Dans ce discours indirect, il utilise le mot « aboyer » comme le verbe introducteur de parole, dans une certaine mesure, ce mot montre aussi ses ressentiments sur ce poster. La paix que ce vieil homme aboie est en opposition avec les coups qu’il subit, les discours

opposés dans un énoncé met en évidence l’ignorance de vieil homme sur la situation de la société et le découragement d’Adel envers le pays.

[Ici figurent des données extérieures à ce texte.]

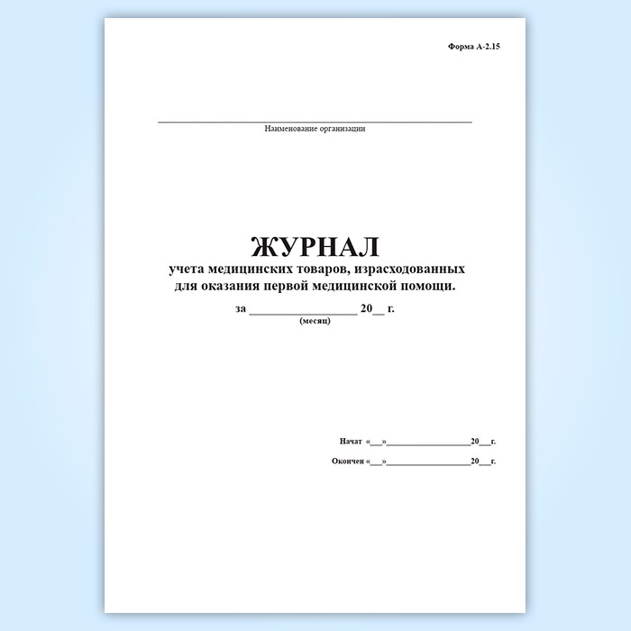 Журнал учета медицинских товаров, израсходованных для оказания первой медицинской помощи (форма А-2.15) в Черкесске купить

Quant au discours que rapportent Mouna à partir de Yasmine, il est mis en parallèle avec le discours du rapporteur : les deux voix juxtaposées dans un énoncé ne sont pas en opposition, mais plutôt se complètent. Le personnage a pour but d’introduire un point de vue qu’elle veux pour compléter ce qu’elle a dit.

Mouna emprunte le discours de Yasmine pour avoir une explication supplémentaire sur les chauffeurs furieux :

Des automobilistes klaxonnent fiévreusement, s’interpellant méchamment, stressés par la nuit qui vient de mourir. Il foncent vers leur travail, ahuris par l’immense soleil. Tata Yasmine dit toujours que les gens sont comme ça parce qu’ils oublient que la nuit va revenir, qu’ils ont peur d’être obligés de passer leur vie dans la lumière du jour. (p. 61)

Mais on peut sentir que Mouna a uniquement compris la surface de ce que Yasmine veux dire. Dans ce cas, les deux voix superposées semblent divergentes au niveau du sens, ce qui met en relief la simplicité enfantine de Mouna.